[Input data — start]

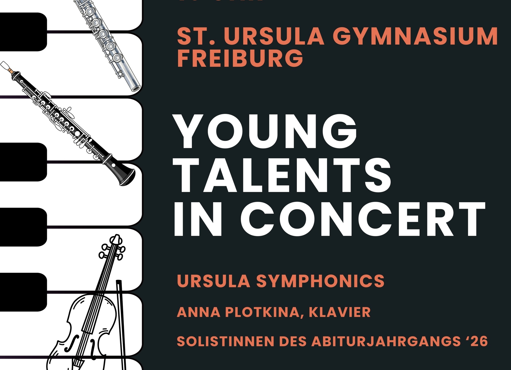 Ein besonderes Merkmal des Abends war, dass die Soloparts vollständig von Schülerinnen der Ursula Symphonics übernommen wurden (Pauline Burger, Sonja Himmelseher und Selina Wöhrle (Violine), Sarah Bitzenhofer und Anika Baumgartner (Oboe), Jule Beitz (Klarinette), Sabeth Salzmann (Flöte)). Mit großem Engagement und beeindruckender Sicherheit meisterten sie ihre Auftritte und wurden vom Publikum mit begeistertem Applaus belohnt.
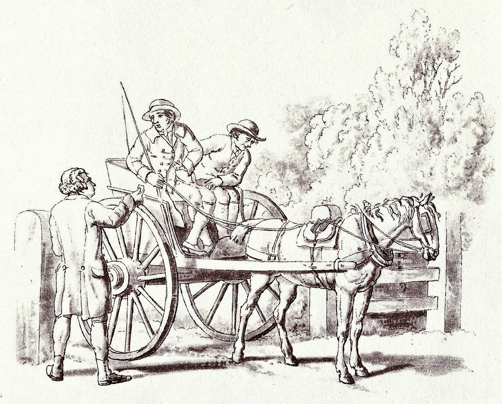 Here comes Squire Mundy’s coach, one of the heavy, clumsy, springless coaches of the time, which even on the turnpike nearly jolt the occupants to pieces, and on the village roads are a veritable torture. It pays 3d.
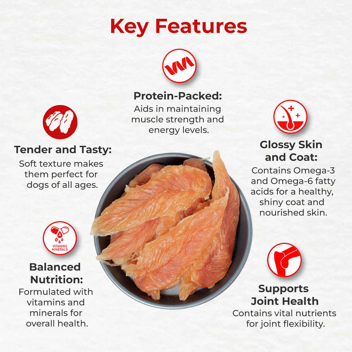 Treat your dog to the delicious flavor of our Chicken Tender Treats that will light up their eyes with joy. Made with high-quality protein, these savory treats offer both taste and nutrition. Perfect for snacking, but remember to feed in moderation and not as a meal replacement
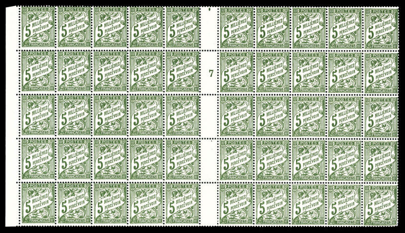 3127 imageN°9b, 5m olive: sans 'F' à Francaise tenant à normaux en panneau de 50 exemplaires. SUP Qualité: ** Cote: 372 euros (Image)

[Input data — finish]

Required work | Give back the whole listing exactly as it stands. No pictures belong in the copy.

Answer to the exercise |
 Ein besonderes Merkmal des Abends war, dass die Soloparts vollständig von Schülerinnen der Ursula Symphonics übernommen wurden (Pauline Burger, Sonja Himmelseher und Selina Wöhrle (Violine), Sarah Bitzenhofer und Anika Baumgartner (Oboe), Jule Beitz (Klarinette), Sabeth Salzmann (Flöte)). Mit großem Engagement und beeindruckender Sicherheit meisterten sie ihre Auftritte und wurden vom Publikum mit begeistertem Applaus belohnt.
 Here comes Squire Mundy’s coach, one of the heavy, clumsy, springless coaches of the time, which even on the turnpike nearly jolt the occupants to pieces, and on the village roads are a veritable torture. It pays 3d.
 Treat your dog to the delicious flavor of our Chicken Tender Treats that will light up their eyes with joy. Made with high-quality protein, these savory treats offer both taste and nutrition. Perfect for snacking, but remember to feed in moderation and not as a meal replacement
 3127 imageN°9b, 5m olive: sans 'F' à Francaise tenant à normaux en panneau de 50 exemplaires. SUP Qualité: ** Cote: 372 euros (Image)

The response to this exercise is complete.